You borrowed a friends car.
That car was already broken and would have broken irrespective of who drove it.
You drive it and 2 minutes into the drive it blows up.
Friend now wants you to pay for new engine
Or
You work in IT and you go to install a product on a server.
The server is already fked (let's say drive is broken) and will break the next time you install software on it it crashes
Client now wants to bill you for replacement server
Or
Spark plug was cross threaded by a previous Mechanic or otherwise bodged
You get a mate to service your car
while working carefully and normally the spark plug snaps in the cyl head
You now want your mate to pay you for the repairs.....
:-)
xjay1337 said:
BUG4LIFE said:
xjay1337 said:
Do you do any mechanical work?
What's that got to do with anything?It's to do with the fact that unless you work on cars then you won't understand that these things can sometimes happen.
BUG4LIFE said:
Sounds like a get of jail card to me mate.
You must be a forgiving guy.
It's what happens when you spend over £15k of your own money developing and tuning engines. You must be a forgiving guy.
You learn that sometimes when your mechanic does a job and something breaks it's not their fault.
Careless and they break something? Sure.
A bolt is seized and snaps? Not really their issue.
Of course we do not have to agree.
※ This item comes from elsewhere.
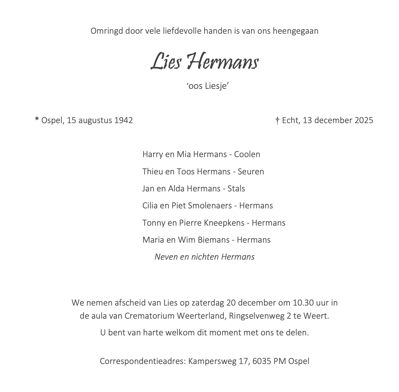 Overlijdensbericht | Lies Hermans †
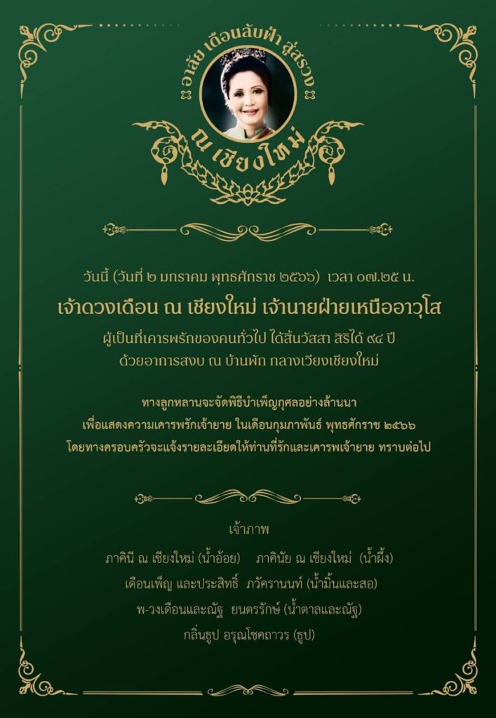 เชียงใหม่ 2 ม.ค. – สิ้นแล้ว “เจ้าดวงเดือน ณ เชียงใหม่” ถึงแก่กรรมอย่างสงบ ณ บ้านพักกลางเวียงเชียงใหม่ สิริอายุ 94 ปี ลูกหลานเตรียมจัดพิธีบำเพ็ญกุศลแบบล้านนา ในเดือน ก.พ.66 โดยจะแจ้งให้บุคคลทั่วไปทราบอีกครั้ง

But I'm just saying that sometimes glow plugs / spark plugs etc can and do seize in the head.
It's not necessarily fair for a dealer or garage to foot the bill.
Otherwise you could try to change them at home, realise they are seized, go to a garage, they break it and bobs your uncle new cylinder head...
If it was a mini within 3 years of age I would completely agree this would have been covered by warranty but can you really imagine putting some metal into another metal that is exposed to HUGE heat variations, weather, moisture etc and not seize - it's a wonder it doesn't happen more often :-)
BUG4LIFE]How could this be anything but their fault and their responsibility to fix [at their cost said:
?!
They broke the car when it was in their care.
Crazy!
Sometimes things become seized, sometimes previous people cross thread things, sometimes it’s bad design- these things happen, it isn’t always the garages fault.They broke the car when it was in their care.
Crazy!
But I will say the skill of a technician goes a long way - you can often tell when something feels like it’s going to break or shear before it happens and then you can make the customer aware beforehand and give them the choice on whether to go ahead
I agree with the last post.
If you have any mechanical sympathy at all you can “feel” when a bolt is going to snap off or shear. It takes a huge amount of force, a lot more than you would normally apply - so it’s your own fault really, not the car.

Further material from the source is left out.